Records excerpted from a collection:
_ _ _

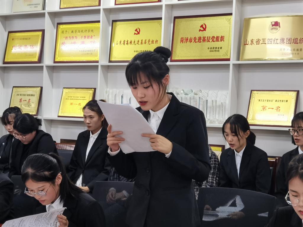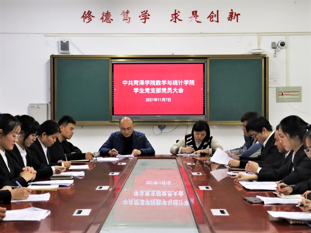 2021年11月7日下午,数学与统计学院学生党支部在6号楼206会议室召开接收预备党员大会。大会主要议题是讨论接收徐焕程等20名同志为预备党员问题。党支部书记王庆林、副书记吕锦茹,辅导员李新坤、于涛及学生党员参加会议。会议由王庆林主持。
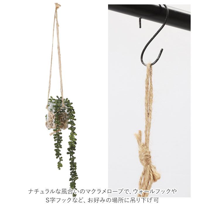 ・ナチュラルな風合いのマクラメロープで、ウォールフックやS字フックなど、お好みの場所に吊り下げ可能。
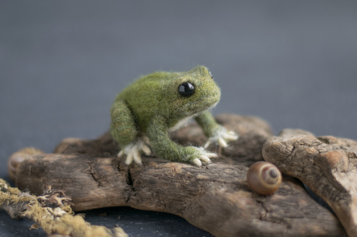 Внутри проволочный каркас, сверху овечья шерсть, глаза из полимерной глины. Я валяла неплотно, в технике "шерстяной импрессионизм", на лягушку ушло около 4 часов вместе с подготовкой
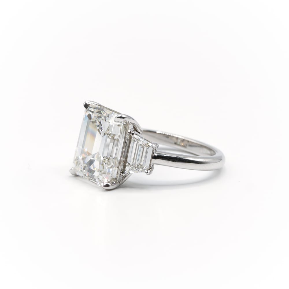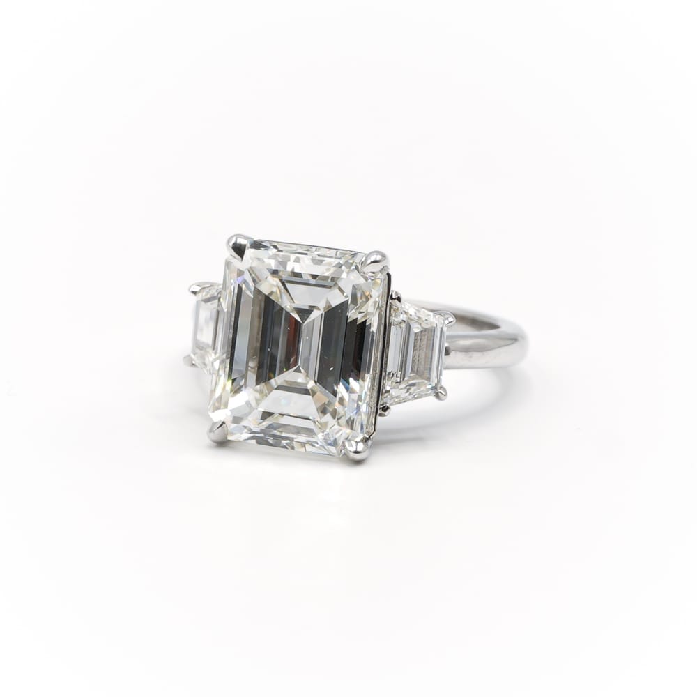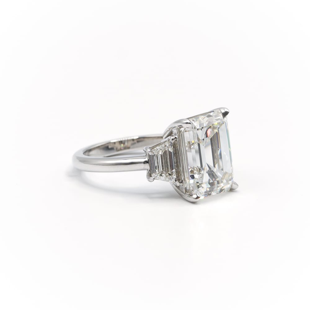 This exquisite three-stone engagement ring features a brilliant emerald cut center diamond, weighing 6.50 carats, graded J VS2 by GIA. It is accented by two trapezoid side diamonds with a total carat weight of .99 carats. Crafted in lustrous platinum, this design beautifully showcases the natural sparkle of each diamond, making it a perfect choice for the special moment. This is a classic ring that you will cherish for years to come. It is a size 6.5 but can be resized upon request.
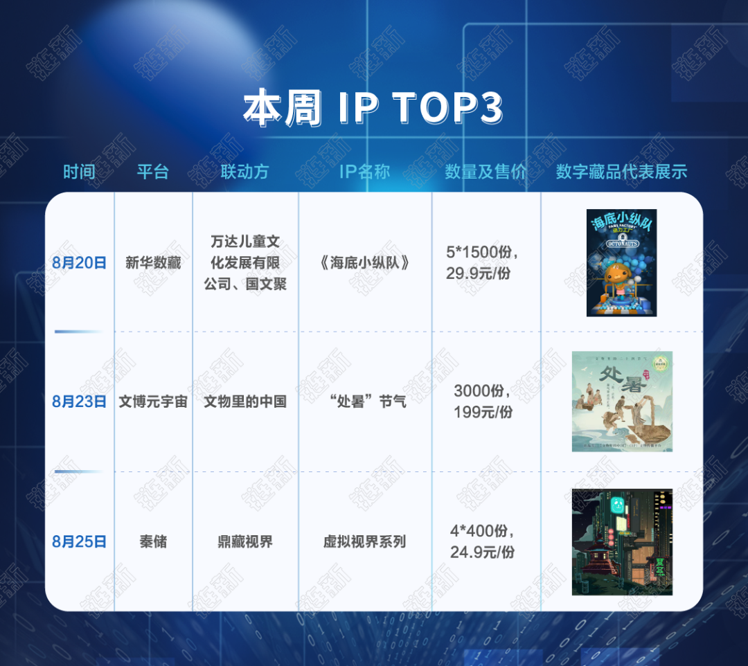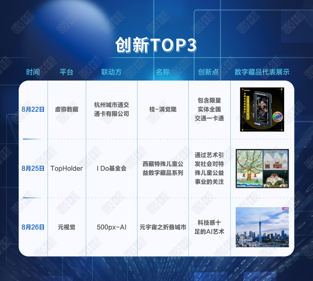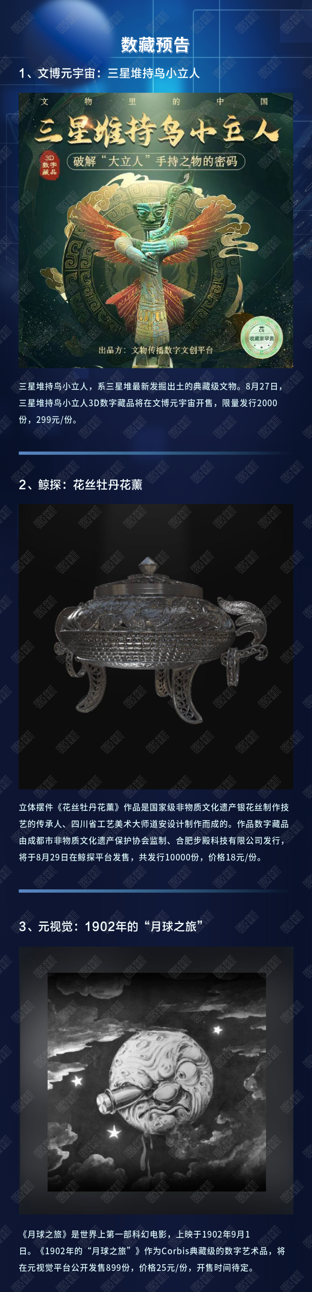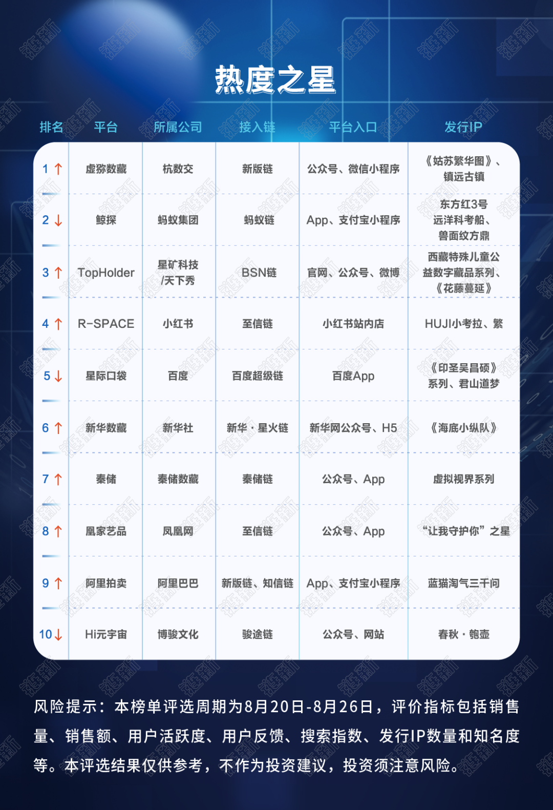 8月24日,上海数据交易所(下称“上海数交所”)数字资产板块正式设立,并联合“回力”和“哔哩哔哩”首次发行数字资产“回力DESIGN-元年”。上海数交所数字资产有“四不五可六类”原则:“四不”即底层商品为金融资产的不上市,无明确经济价值的不上市,数字资产产权不清晰的不上市,不符合国家法律法规的不上市;“五可”即可穿透、可确权、可定价、可流通、可溯源;“六类”即现阶段可交易数字资产主要包括文博衍生、数字文创、消费场景、品牌营销、产业应用、数据知识产权等六种类型。此外,《上海数据交易所数字资产板块管理规范(试行)》也正式发布,涵盖了数字资产板块数字资产登记、数字资产公告、参与方权利与义务等规则,可实现数字资产板块合规有序地运营。8月24日,北京市通州区与北京市科委、中关村管委会、北京市经信局联合印发了《北京城市副中心元宇宙创新发展行动计划(2022-2024年)》,提出力争通过3年的努力,培育、引进100家以上元宇宙生态链企业,落地建成30项以上“元宇宙+”典型应用场景项目,推动制定一批元宇宙相关标准,1+N产业空间体系初步形成。《行动计划》提到要集聚数字内容资产,包括探索数字资产权益全生命周期管理,跟踪NFT(非同质化通证)技术前沿动态,大力发展数字资产交易服务。在对行业每周数据进行分析研究的基础上,《链新》联合国家新闻出版署科技与标准综合重点实验室区块链版权中心推出“每周数藏热榜”,助力行业人士深入掌握行业前沿趋势,抢抓区块链文创发展新机遇。
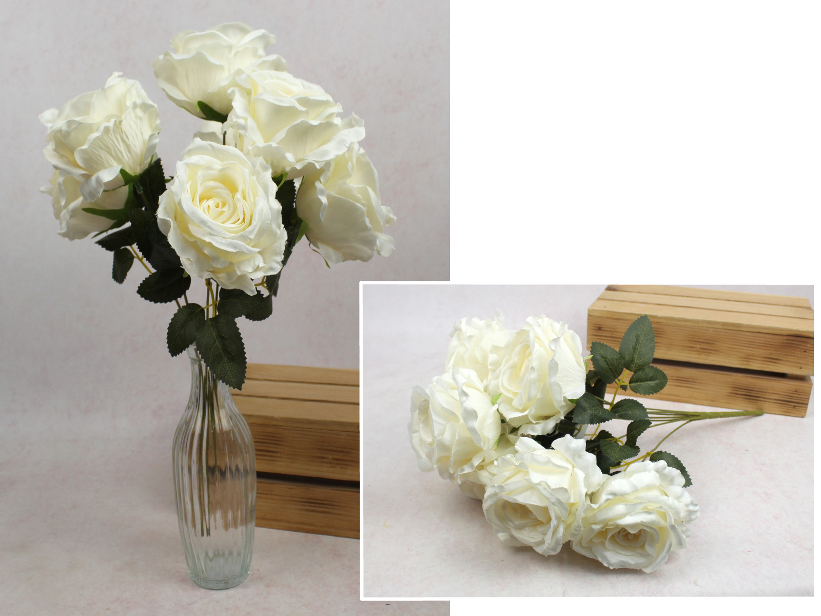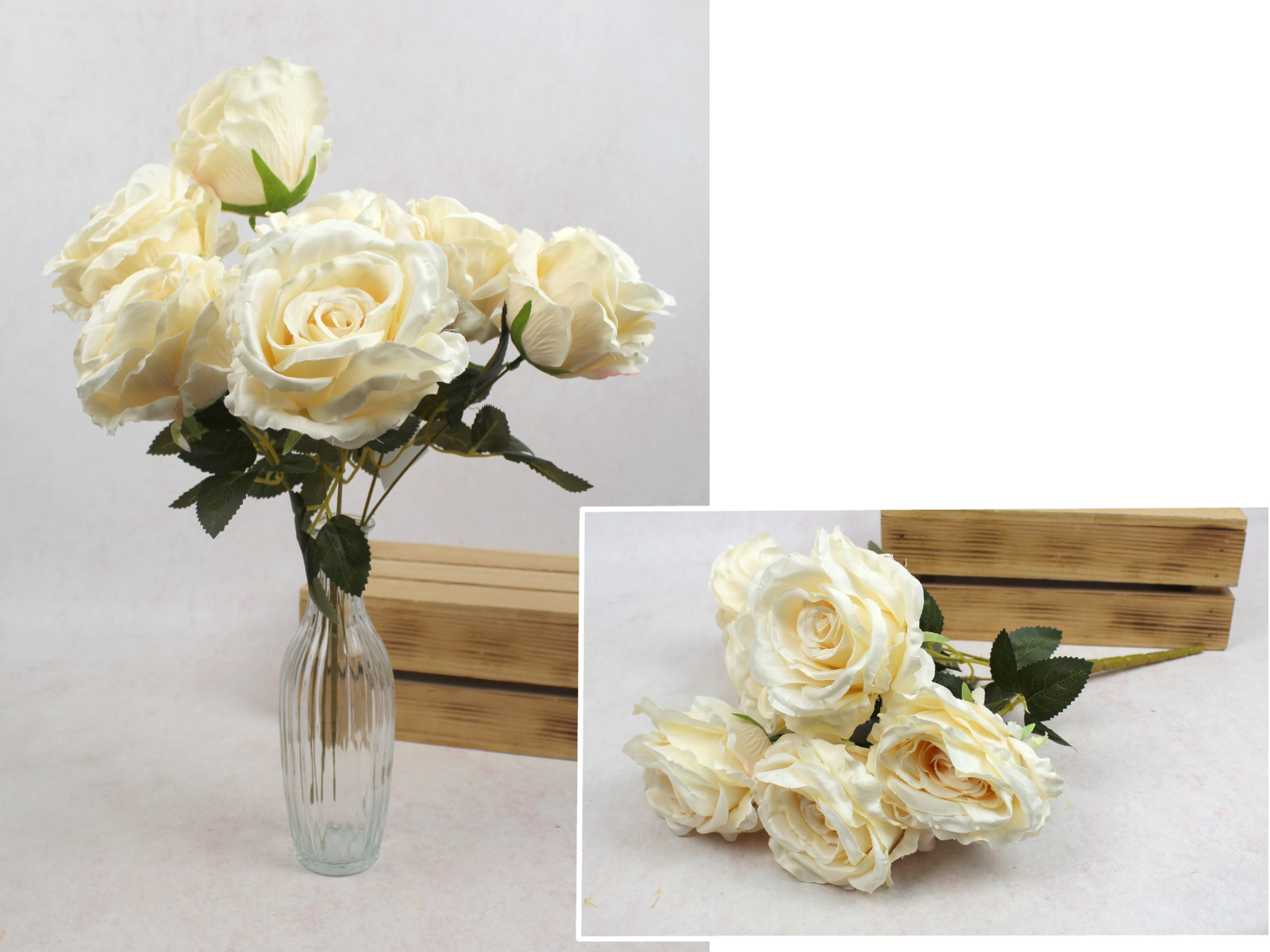 Bukiet RÓŻA wys. 45 cm, 7 łodyg (7 kwiatów 9x7 cm) ECRU
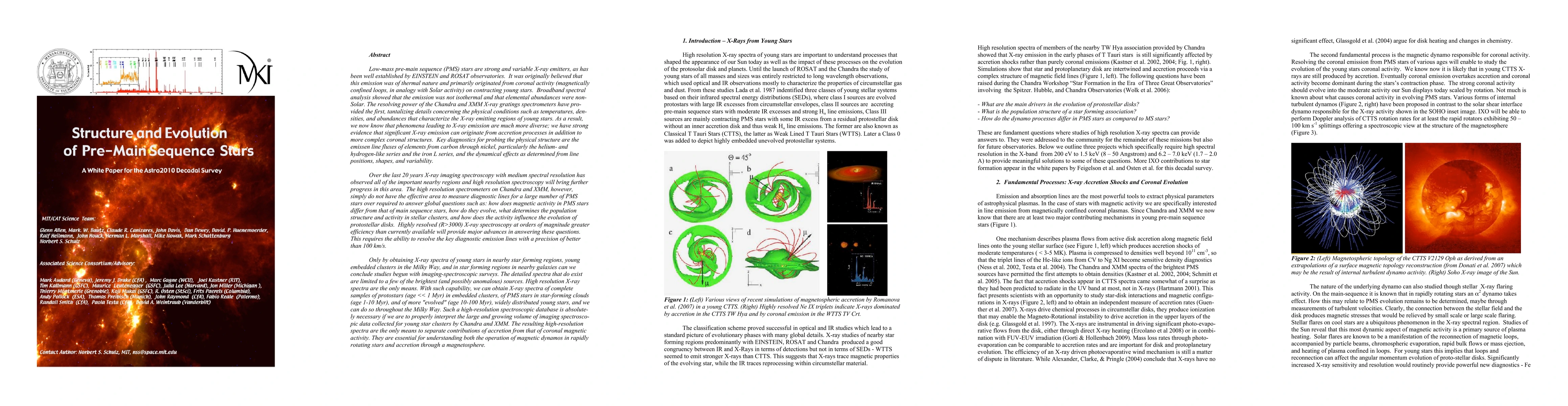 Low-mass pre-main sequence (PMS) stars are strong and variable X-ray emitters, as has been well established by EINSTEIN and ROSAT observatories. It was originally believed that this emission was of thermal nature and primarily originated from coronal activity (magnetically confined loops, in analogy with Solar activity) on contracting young stars. Broadband spectral analysis showed that the emission was not isothermal and that elemental abundances were non-Solar. The resolving power of the Chandra and XMM X-ray gratings spectrometers have provided the first, tantalizing details concerning the physical conditions such as temperatures, densities, and abundances that characterize the X-ray emitting regions of young star. These existing high resolution spectrometers, however, simply do not have the effective area to measure diagnostic lines for a large number of PMS stars over required to answer global questions such as: how does magnetic activity in PMS stars differ from that of main sequence stars, how do they evolve, what determines the population structure and activity in stellar clusters, and how does the activity influence the evolution of protostellar disks. Highly resolved (R>3000) X-ray spectroscopy at orders of magnitude greater efficiency than currently available will provide major advances in answering these questions. This requires the ability to resolve the key diagnostic emission lines with a precision of better than 100 km/s.
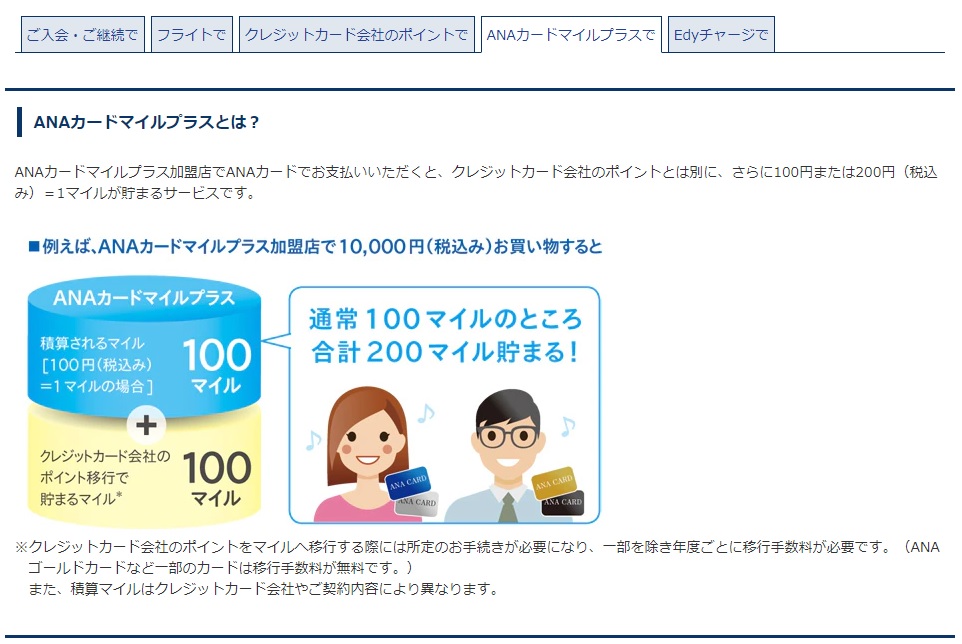 ちょっとサイトの内容が薄くてわかりにくいですよね、前回マツモトキヨシの場合は、レジでANAカードを見せるだけで、200円で1マイルついたり、セブンイレブンではANAカードで決済しないとボーナスマイルがつかないなど、各店舗や、決済手段でも変わるので、それがこの画面でしか説明できてないのはちょっとお役所しごとですね、、担当部門は
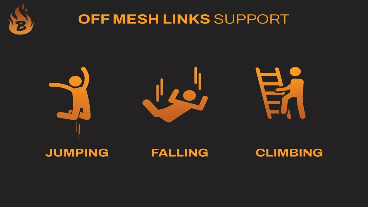 - Blaze AI is proudly the first and only AI on the store to support off mesh links with an incredibly smart integration that can be dynamically turned on or off. Blaze AI agents can jump, fall and climb ladders. Also works with animation root motion and AI companions too!
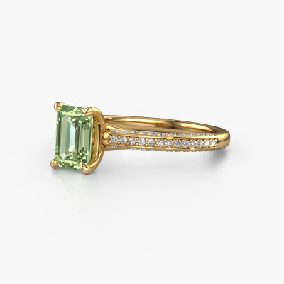 Der oben gezeigte Ring wird Elenore eme genannt. Es ist ein Pavé Solitär Ring, da er einen zentralen Edelstein und ein Band mit Pavé-Fassung hat. Dieser 14 Karat Gold ring ist mit einem 7x5 mm smaragd schliff grüner Labor-Diamant-Mittelstein besetzt und das Band hat eine Pavé-Fassung mit Lab grown Diamant. Jedes Schmuckstück wird nur für Sie persönlich hergestellt, mit Liebe zum Detail und Design.Dieser exklusive Gold Pavé Solitär Verlobungsring mit Pavé-Fassung hat einen exquisiten, smaragd schliff grüner Labor-Diamant als Mittelstein. Um den zentralen Stein noch mehr zu betonen, hat das Band eine Pavé-Fassung mit weiteren Lab grown Diamant. Durch die offenen Krappen kann das Licht aus mehreren Winkeln auf den grüner Labor-Diamant treffen und der grüner Labor-Diamant-Ring funkelt noch mehr. Das obere Foto zeigt die leidenschaftlich handgefertigten Details des Rings. Die hohe Positionierung der Mittelstein ist ein echter Blickfang. Der perfekte Verlobungsring für das Kronjuwel Ihres Lebens!Haben Sie ein bestimmtes Budget? Sie können uns gerne kontaktieren, damit wir Ihre Optionen besprechen können. Wir bieten unsere Verlobungsringe zum garantiert besten Preis, denn wir fertigen sie auf Bestellung. Solche Preise finden Sie nirgendwo anders!Haben Sie irgendwo einen bestimmten Verlobungsring gefunden, den Sie Ihrem Liebsten schenken möchten? Sie können uns gerne sagen, was Sie wollen und wir werden Ihr Design in einen Einzigartigen exklusive Verlobungsring verwandeln. Sie können die Entwicklungen Ihres Ringdesigns verfolgen, da wir 3D-Zeichnungen verwenden. Das gibt Ihnen eine realistische Vorschau, wie Ihr Design aussehen wird. Sie können auch einen Dummy vorbestellen. Ein Dummy ist ein Kunststoffring, der nach Ihrem Ringdesign gestaltet werden kann. Sie können ihn anprobieren und prüfen, ob seine Breite und Größe für Sie geeignet sind. Wir senden Ihnen gerne ein unverbindliches Angebot zu einem fairen Preis/Leistungsverhältnis. Sie werden in Anbetracht der Qualität des Rings und der Edelsteine überrascht sein.Um es einfacher zu machen, bieten wir eine kostenlose 30-tägige Rücksendung.
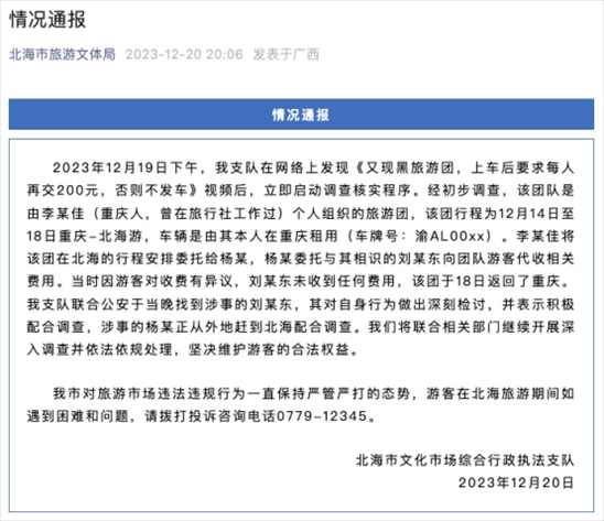 ·官方通報(bào)“廣西一旅行團(tuán)要求游客上車后每人再交200元”。

_ _ _

== What the task requires ==
A verbatim copy of the data, free of pictures, is the expected answer.

== Answer space ==
 2021年11月7日下午,数学与统计学院学生党支部在6号楼206会议室召开接收预备党员大会。大会主要议题是讨论接收徐焕程等20名同志为预备党员问题。党支部书记王庆林、副书记吕锦茹,辅导员李新坤、于涛及学生党员参加会议。会议由王庆林主持。
 ・ナチュラルな風合いのマクラメロープで、ウォールフックやS字フックなど、お好みの場所に吊り下げ可能。
 Внутри проволочный каркас, сверху овечья шерсть, глаза из полимерной глины. Я валяла неплотно, в технике "шерстяной импрессионизм", на лягушку ушло около 4 часов вместе с подготовкой
 This exquisite three-stone engagement ring features a brilliant emerald cut center diamond, weighing 6.50 carats, graded J VS2 by GIA. It is accented by two trapezoid side diamonds with a total carat weight of .99 carats. Crafted in lustrous platinum, this design beautifully showcases the natural sparkle of each diamond, making it a perfect choice for the special moment. This is a classic ring that you will cherish for years to come. It is a size 6.5 but can be resized upon request.
 8月24日,上海数据交易所(下称“上海数交所”)数字资产板块正式设立,并联合“回力”和“哔哩哔哩”首次发行数字资产“回力DESIGN-元年”。上海数交所数字资产有“四不五可六类”原则:“四不”即底层商品为金融资产的不上市,无明确经济价值的不上市,数字资产产权不清晰的不上市,不符合国家法律法规的不上市;“五可”即可穿透、可确权、可定价、可流通、可溯源;“六类”即现阶段可交易数字资产主要包括文博衍生、数字文创、消费场景、品牌营销、产业应用、数据知识产权等六种类型。此外,《上海数据交易所数字资产板块管理规范(试行)》也正式发布,涵盖了数字资产板块数字资产登记、数字资产公告、参与方权利与义务等规则,可实现数字资产板块合规有序地运营。8月24日,北京市通州区与北京市科委、中关村管委会、北京市经信局联合印发了《北京城市副中心元宇宙创新发展行动计划(2022-2024年)》,提出力争通过3年的努力,培育、引进100家以上元宇宙生态链企业,落地建成30项以上“元宇宙+”典型应用场景项目,推动制定一批元宇宙相关标准,1+N产业空间体系初步形成。《行动计划》提到要集聚数字内容资产,包括探索数字资产权益全生命周期管理,跟踪NFT(非同质化通证)技术前沿动态,大力发展数字资产交易服务。在对行业每周数据进行分析研究的基础上,《链新》联合国家新闻出版署科技与标准综合重点实验室区块链版权中心推出“每周数藏热榜”,助力行业人士深入掌握行业前沿趋势,抢抓区块链文创发展新机遇。
 Bukiet RÓŻA wys. 45 cm, 7 łodyg (7 kwiatów 9x7 cm) ECRU
 Low-mass pre-main sequence (PMS) stars are strong and variable X-ray emitters, as has been well established by EINSTEIN and ROSAT observatories. It was originally believed that this emission was of thermal nature and primarily originated from coronal activity (magnetically confined loops, in analogy with Solar activity) on contracting young stars. Broadband spectral analysis showed that the emission was not isothermal and that elemental abundances were non-Solar. The resolving power of the Chandra and XMM X-ray gratings spectrometers have provided the first, tantalizing details concerning the physical conditions such as temperatures, densities, and abundances that characterize the X-ray emitting regions of young star. These existing high resolution spectrometers, however, simply do not have the effective area to measure diagnostic lines for a large number of PMS stars over required to answer global questions such as: how does magnetic activity in PMS stars differ from that of main sequence stars, how do they evolve, what determines the population structure and activity in stellar clusters, and how does the activity influence the evolution of protostellar disks. Highly resolved (R>3000) X-ray spectroscopy at orders of magnitude greater efficiency than currently available will provide major advances in answering these questions. This requires the ability to resolve the key diagnostic emission lines with a precision of better than 100 km/s.
 ちょっとサイトの内容が薄くてわかりにくいですよね、前回マツモトキヨシの場合は、レジでANAカードを見せるだけで、200円で1マイルついたり、セブンイレブンではANAカードで決済しないとボーナスマイルがつかないなど、各店舗や、決済手段でも変わるので、それがこの画面でしか説明できてないのはちょっとお役所しごとですね、、担当部門は
 - Blaze AI is proudly the first and only AI on the store to support off mesh links with an incredibly smart integration that can be dynamically turned on or off. Blaze AI agents can jump, fall and climb ladders. Also works with animation root motion and AI companions too!
 Der oben gezeigte Ring wird Elenore eme genannt. Es ist ein Pavé Solitär Ring, da er einen zentralen Edelstein und ein Band mit Pavé-Fassung hat. Dieser 14 Karat Gold ring ist mit einem 7x5 mm smaragd schliff grüner Labor-Diamant-Mittelstein besetzt und das Band hat eine Pavé-Fassung mit Lab grown Diamant. Jedes Schmuckstück wird nur für Sie persönlich hergestellt, mit Liebe zum Detail und Design.Dieser exklusive Gold Pavé Solitär Verlobungsring mit Pavé-Fassung hat einen exquisiten, smaragd schliff grüner Labor-Diamant als Mittelstein. Um den zentralen Stein noch mehr zu betonen, hat das Band eine Pavé-Fassung mit weiteren Lab grown Diamant. Durch die offenen Krappen kann das Licht aus mehreren Winkeln auf den grüner Labor-Diamant treffen und der grüner Labor-Diamant-Ring funkelt noch mehr. Das obere Foto zeigt die leidenschaftlich handgefertigten Details des Rings. Die hohe Positionierung der Mittelstein ist ein echter Blickfang. Der perfekte Verlobungsring für das Kronjuwel Ihres Lebens!Haben Sie ein bestimmtes Budget? Sie können uns gerne kontaktieren, damit wir Ihre Optionen besprechen können. Wir bieten unsere Verlobungsringe zum garantiert besten Preis, denn wir fertigen sie auf Bestellung. Solche Preise finden Sie nirgendwo anders!Haben Sie irgendwo einen bestimmten Verlobungsring gefunden, den Sie Ihrem Liebsten schenken möchten? Sie können uns gerne sagen, was Sie wollen und wir werden Ihr Design in einen Einzigartigen exklusive Verlobungsring verwandeln. Sie können die Entwicklungen Ihres Ringdesigns verfolgen, da wir 3D-Zeichnungen verwenden. Das gibt Ihnen eine realistische Vorschau, wie Ihr Design aussehen wird. Sie können auch einen Dummy vorbestellen. Ein Dummy ist ein Kunststoffring, der nach Ihrem Ringdesign gestaltet werden kann. Sie können ihn anprobieren und prüfen, ob seine Breite und Größe für Sie geeignet sind. Wir senden Ihnen gerne ein unverbindliches Angebot zu einem fairen Preis/Leistungsverhältnis. Sie werden in Anbetracht der Qualität des Rings und der Edelsteine überrascht sein.Um es einfacher zu machen, bieten wir eine kostenlose 30-tägige Rücksendung.
 ·官方通報(bào)“廣西一旅行團(tuán)要求游客上車后每人再交200元”。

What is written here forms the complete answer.